第5話:風の加護

 マフユは目を開けて、おもむろに頭上を仰ぎ見た。天空に敷かれた闇の蔽いは果てなく続き、届かぬ高みで星が煌く。

 月もまた先頃からと同様に夜空へ映え、己へ近い空の屹立きつりつを優しく照らす。

 美しい光景だった。幻想的で、感動的な自然の芸術が無償で楽しめる。それは頂を踏んだ者にのみ開示された、最高の贅沢だ。

 至高にして絢爛豪華な星運の営みを茫洋と眺め、少女の記憶は微かに波打つ。

 幼い頃に体験した思い出の一コマが、意思に反して緩々ゆるゆると甦った。

 今と同じ様に空を見上げ、ただただ美しい無限の玄天に魅入るマフユ。その隣には、温かく手を包む母の姿がある。後ろ腰に届くほどの桃髪と、白い装束が印象的な美麗の姿。


 これが脳裏を駆けた瞬間、マフユは空から視線を切った。

 正面の闇を無感動に見据え、次いで足下を覗き込む。

 思い出に浸っている暇を、少女は自分自身へ許しはしない。少なくとも遂げるべき目的が眼前にある状態で、過去を振り返る事は認めなかった。

 マフユは清々しくさえある清涼な気配を保ち、白く端整な面貌をにわかに引き締める。

 引き結ばれた唇が覚悟の程を思わせる折、少女は目をすがめて呼気を吐く。


「大いなる風、チアキの名を持つの形。我が躍進の供となり、逆巻く加護をの身に施せ」


 詠うように紡いだ声が、周囲の大気へ染み渡った。

 それをまじかで聞く該当者は、相好を崩して鬼気と吼える。


「望むところよォ! オーホッホッホッホッ!」


 調子の外れた哄笑が高々と響き、夜闇と渡風を蹂躙した。

 声高の笑いは尾を引いて長く続き、その最中にチアキの体は再び闇へと透けて消える。それと時を同じく突風が吹き乱れ、マフユを囲み局所的な竜巻然として渦巻いた。

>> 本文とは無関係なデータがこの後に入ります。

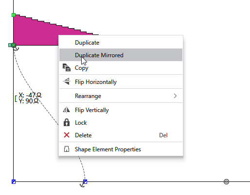 - Das gespiegelte Schnittelement wird neben dem ursprünglichen Schnittelement eingefügt.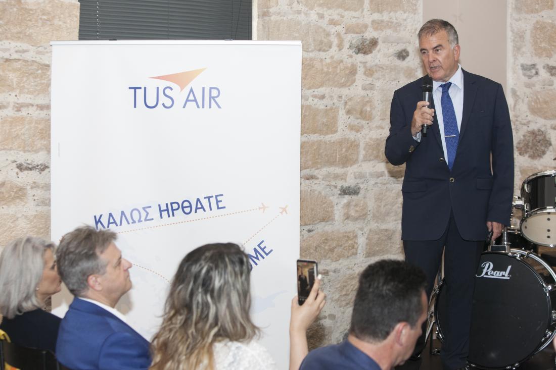 Ο κ. Yaron Eskeles παρουσίασε το όραμα, το προϊόν και τις προσφορές της TUS Airways στην Ελληνική αγορά, καθώς επίσης το στόλο και τα πλάνα ανάπτυξής της και δήλωσε πως: «Η TUS Airways εισάγει ένα νέο αεροπορικό μοντέλο στην Ελλάδα χρησιμοποιώντας ιδιόκτητο στόλο που απαρτίζεται από 7 jets Fokker 80/100. Φέτος η TUS Airways διεύρυνε το δίκτυό της με απευθείας πτήσεις από Αθήνα, Θεσσαλονίκη, Ιωάννινα, Αλεξανδρούπολη, Πάτρα, Σκιάθο, Πρέβεζα και Κω προς Λάρνακα. Πιστεύουμε στη δυναμική του Διεθνή Αερολιμένα Αθηνών και στις προοπτικές ανάπτυξης της Ελληνικής Αγοράς για την TUS Airways, και έχουμε ήδη πλάνα για περαιτέρω ανάπτυξη σε ελκυστικούς προορισμούς από την Αθήνα και άλλες πόλεις της Ελλάδας.»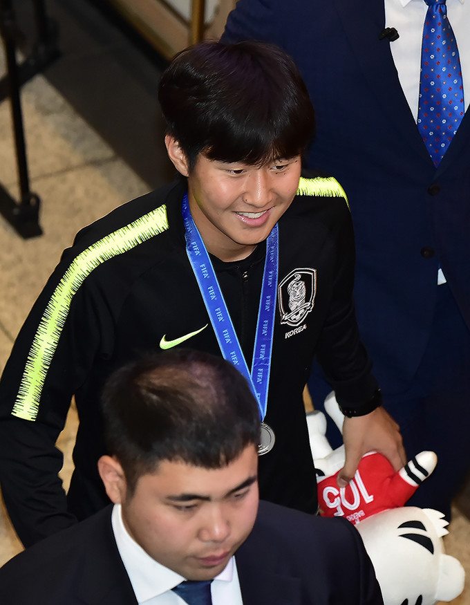 2019 FIFA U-20 월드컵 첫 준우승을 달성한 20세 이하 축구 국가대표팀 이강인이 17일 오전 인천국제공항으로 귀국하고 있다.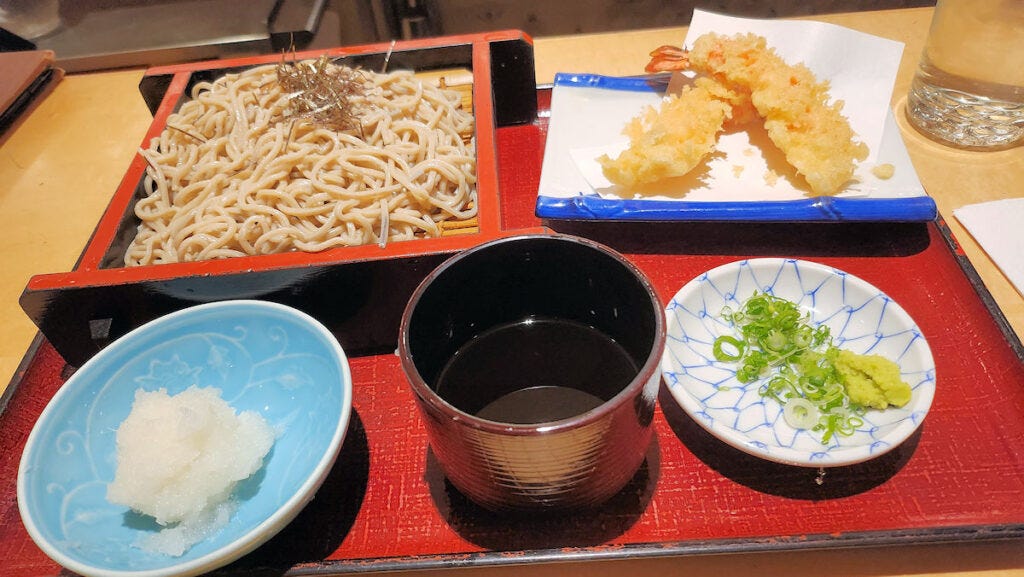 When I lived in the East Village, now going on twenty years ago (time flies, thank you for accompanying me on this journey!), I was a regular at the sake bar and soba noodle counter at Ise, 63 Cooper Square. The ten zaru soba, chilled light buckwheat noodles, dipping sauce, extra grated radish, and two tempura prawns was always my favorite, and it's as good as it ever was. Unfortunately, you have little time left to get there, as the owner, now 81 years old, is retiring back to Japan later this month, and the place is closing up.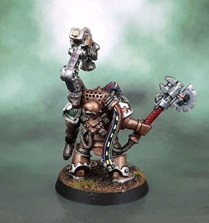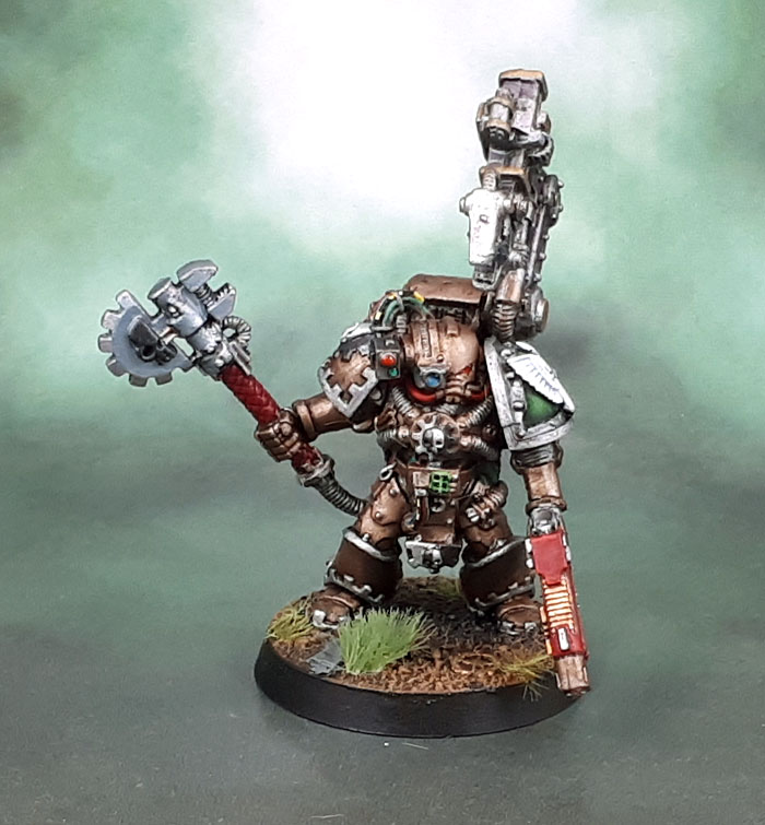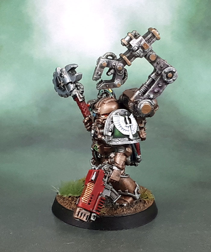 I finished another Space Marine as part of my first Tray. This one is another model that I got stuck on for years – a Techmarine of the Dark Angels that I started on ….well, it was a long time ago. Now I’m not entirely one for the colour-coding of Marine Specialist Officers. Well, I’m good with Chaplains having black armour, and Apothecaries being (mostly) white, but after that it gets hazy. I’m ok with some of my Techmarines being Red, because Adeptus Mechanicus, but sometimes a metallic on the red spectrum just feels better to me. In this case a deep slightly-coppery brown for the Dark Angels just feels good against the green armour of the Chapter. (And just forget about blue armour for Librarians!)

 間断ない猛風の煽りを盛大に受けながら、それでも少女は怯まない。平然とした面持ちのまま、今まで立っていた足場を蹴り、虚空へと我が身を投げ出す。

 華奢な体躯が夜空へ放られ、緩やかに始まる落下。直下の地上目指して落ちていく体とは対照的に、桃の短髪や着衣は風圧に押されて進路の逆方へ激しくなびいた。

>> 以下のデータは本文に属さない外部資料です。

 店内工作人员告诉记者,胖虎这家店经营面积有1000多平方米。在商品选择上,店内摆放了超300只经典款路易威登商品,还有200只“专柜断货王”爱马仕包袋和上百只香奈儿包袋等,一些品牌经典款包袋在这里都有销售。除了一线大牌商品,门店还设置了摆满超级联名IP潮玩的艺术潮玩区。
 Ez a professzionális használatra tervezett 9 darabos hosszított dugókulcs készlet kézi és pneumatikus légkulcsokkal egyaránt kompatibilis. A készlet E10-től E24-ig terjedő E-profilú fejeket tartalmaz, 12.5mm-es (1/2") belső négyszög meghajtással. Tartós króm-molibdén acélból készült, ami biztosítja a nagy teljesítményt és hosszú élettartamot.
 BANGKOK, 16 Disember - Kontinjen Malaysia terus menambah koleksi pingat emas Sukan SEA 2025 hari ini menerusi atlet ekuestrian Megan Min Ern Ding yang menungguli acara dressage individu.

 少女の体は真っ直ぐに降下する。止まらずに落ち、ただ下方へ進む。傍近くで時計塔の外壁が高速に流れていき、風を切って下るマフユ自身へ速度の程を認識させる。

 その途上、不意に彼女の背中から白い翼が現れた。ブレザーの背面部を破るわけでなく、白鳥か、はたまた天使かという純白の大翼が輝きと共に伸び出す。

 翼はマフユの両腕よりも更に長く、盛大に広がって一度大きく羽ばたいた。

 しなやかにたわみ、下がり、即座に引いて、起き、伸びる。一連の動作は一瞬のうちに行われ、その翼動が終わるや少女の落下は止められた。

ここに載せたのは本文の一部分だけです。